As we waited for the bus, Wang's brother went back to buy popsicles and said the shop owners asked him why anyone would buy a house out here. The bus finally came and I gobbled down my sweet red bean popsicle before it melted all over my hand. Wang tried to get a 5 percent discount from Agent Wang, repeatedly saying she'd sent him all these customers. Her younger sister tried to persuade her to buy an even larger apartment—on the third floor, of course. Wang's husband sat silently. In the end, they didn't make any decisions.

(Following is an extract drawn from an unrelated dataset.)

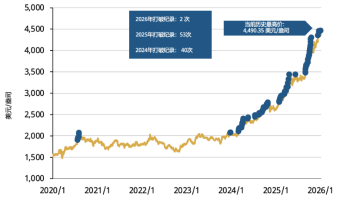 2026年刚刚开局,在各类风险和不确定性的影响下,金价强势依旧,创下5次新高(截止于1月14日)。

As I held the bare wooden popsicle stick with my sticky hand, I watched Beijing's countryside roll by the window. It lulled me into a sense of peace, laced with a sadness that it would probably be gone the next time I came, whenever that would
be.

Chapter Thirty-one
Qu Qu'r in America

A
few workers arrived at my apartment one day armed with cardboard boxes, razors, and tape. They were led by a man in a polo shirt named Polo Ding. The movers dismantled my life in a single hour, putting it all onto a slow boat from China.

After they left, I sat down on the couch. The apartment looked exactly as it had when I had moved in that hopeful, frightening day years ago. Empty, just me and my two suitcases, as if those years had transpired in the blink of an eye. I thought back on all that had happened. This trusty apartment had seen it all. I would have been excruciatingly sad had I not been completely numb.

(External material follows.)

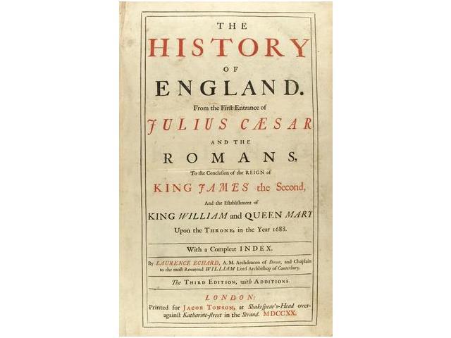 1720., LIBRO: (HISTORIA DE INGLATERRA),. ECHARD, LAURENCE:, THE HISTORY OF ENGLAND FROM THE FIRST ENTRANCE OF JULIUS CAESAR AND THE ROMANS TO THE CONCLUSION OF THE REIGN OF KING JAMES THE SECOND AND THE ESTABLISHMENT OF KING WILLIAM AND QUEEN MARY UPON THE THRONE IN THE YEAR 1688., London: printed for Jacob Tonson, 1720. Folio mayor. 8 h. + 1150 p., 17 h. de índices. Bellas viñetas grabadas. Leve señal marginal de polilla que afecta levemente el texto en algunas p. Papel tostado. Enc. en plena piel, lomo algo rozada. Ex-libris de anterior poseedor.

As I sat there, the emptiness of the room began bleaching out my memory and I feared that I would forget the Beijing of my twenties when I went back, just like every time I visited the States. Would getting on that plane delete all that had happened to me, like a tape erasing itself as it rewound? Would I forget whom I'd met, what I'd been a part of, whom I'd become? The city had made me, but I sensed the freedom of the last few years slipping away from me. I thought of the curse of the
fortune-teller: I'd constantly want to return to China but I would come back only once. I couldn't even begin to imagine how Nainai and Yeye, or my parents, had felt right before leaving China many years ago knowing they might never return.

Gretchen was leaving too, going back to study anthropology in New York. She said Big Sister Bao had recently shown up at her door, unbidden, wanting to buy her furniture for cheap. Somehow she'd sniffed out Gretchen's departure.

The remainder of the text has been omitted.